(What the task requires):
Would you set down the data that follows, word for word, without any pictures?

**** Source data

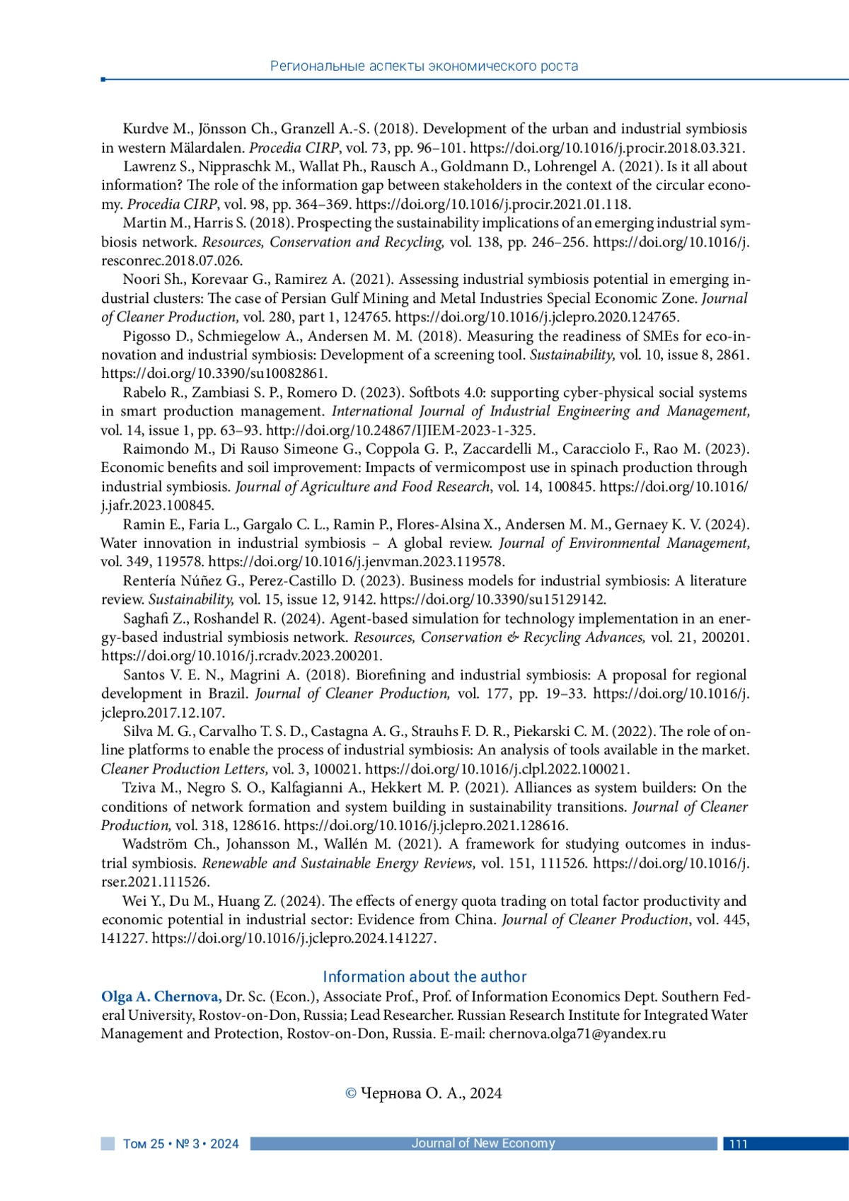 9. Преображенский Б. Г., Толстых Т. О., Шмелева Н. В. (2020). Промышленный симбиоз как инструмент циркулярной экономики // Регион: системы, экономика, управление. № 4 (51). С. 37-48. DOI: 10.22394/1997-4469-2020-51-4-37-48 EDN: GPXUMW
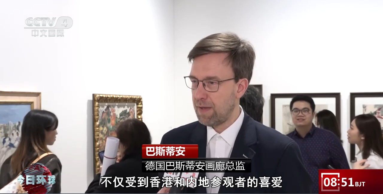 德国巴斯蒂安画廊总监巴斯蒂安:我看到他(崔如琢)的作品不仅受到香港和内地参观者的喜爱,也同样受到来自欧洲、美国以及其他国家的国际参观者的欢迎。我觉得之所以大家喜欢,是由于崔如琢先生深谙传统笔墨精髓,又不拘泥于古法,他以一种特殊的墨法,将指墨、积墨、泼墨等技法推向新高度。这种独辟蹊径的创作方式,对于欧洲及海外观众而言,充满了别样的魅力与新意。
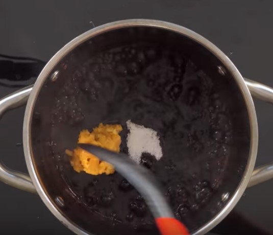 ถ้าน้ำงวดลงก็เติมน้ำเพิ่มทีละน้อยๆ ประมาณ 30 นาที หมั่นคนอยู่เรื่อยๆ ไม่ให้ติดก้นหม้อ

********

(Exercise answer):
 9. Преображенский Б. Г., Толстых Т. О., Шмелева Н. В. (2020). Промышленный симбиоз как инструмент циркулярной экономики // Регион: системы, экономика, управление. № 4 (51). С. 37-48. DOI: 10.22394/1997-4469-2020-51-4-37-48 EDN: GPXUMW
 德国巴斯蒂安画廊总监巴斯蒂安:我看到他(崔如琢)的作品不仅受到香港和内地参观者的喜爱,也同样受到来自欧洲、美国以及其他国家的国际参观者的欢迎。我觉得之所以大家喜欢,是由于崔如琢先生深谙传统笔墨精髓,又不拘泥于古法,他以一种特殊的墨法,将指墨、积墨、泼墨等技法推向新高度。这种独辟蹊径的创作方式,对于欧洲及海外观众而言,充满了别样的魅力与新意。
 ถ้าน้ำงวดลงก็เติมน้ำเพิ่มทีละน้อยๆ ประมาณ 30 นาที หมั่นคนอยู่เรื่อยๆ ไม่ให้ติดก้นหม้อ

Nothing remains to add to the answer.